Where a line of the material includes the string "SonicWALL", copy that line.
START DATA FOR THIS TASK
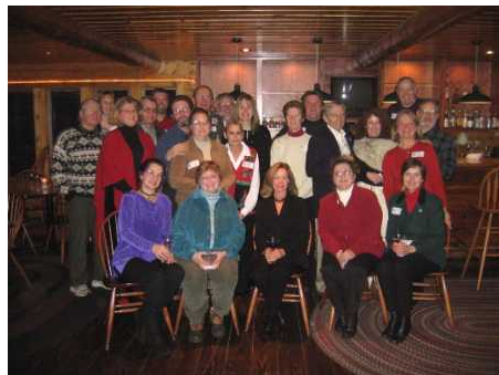
Left: The DRLPS Team at Bayside Dining during the annual Christmas celebration . . .
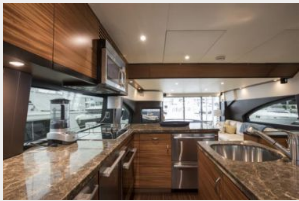
Galley looking aft
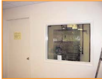
BEFORE Troop 21340
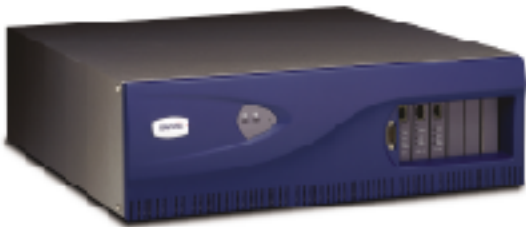
SonicWALL GX Series

In addition to high-performance VPN connectivity and integrated security, the GX250 and GX650 support the comprehensive portfolio of SonicWALL Security Services, including Network Anti-Virus, Content Filtering, and Authentication Service.
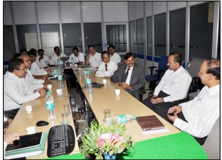
Meeting with Senior Management
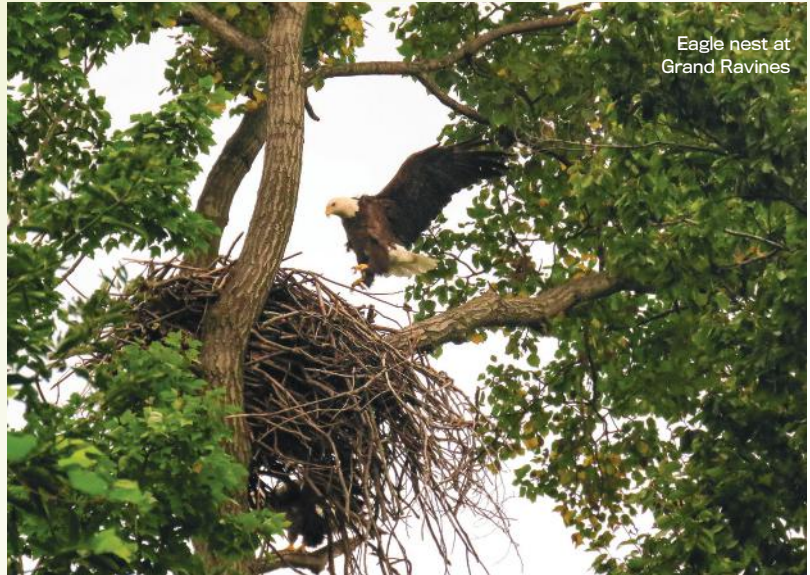
Eagle nest at Grand Ravines
END DATA FOR THIS TASK
* EXERCISE OUTPUT *
SonicWALL GX Series
In addition to high-performance VPN connectivity and integrated security, the GX250 and GX650 support the comprehensive portfolio of SonicWALL Security Services, including Network Anti-Virus, Content Filtering, and Authentication Service.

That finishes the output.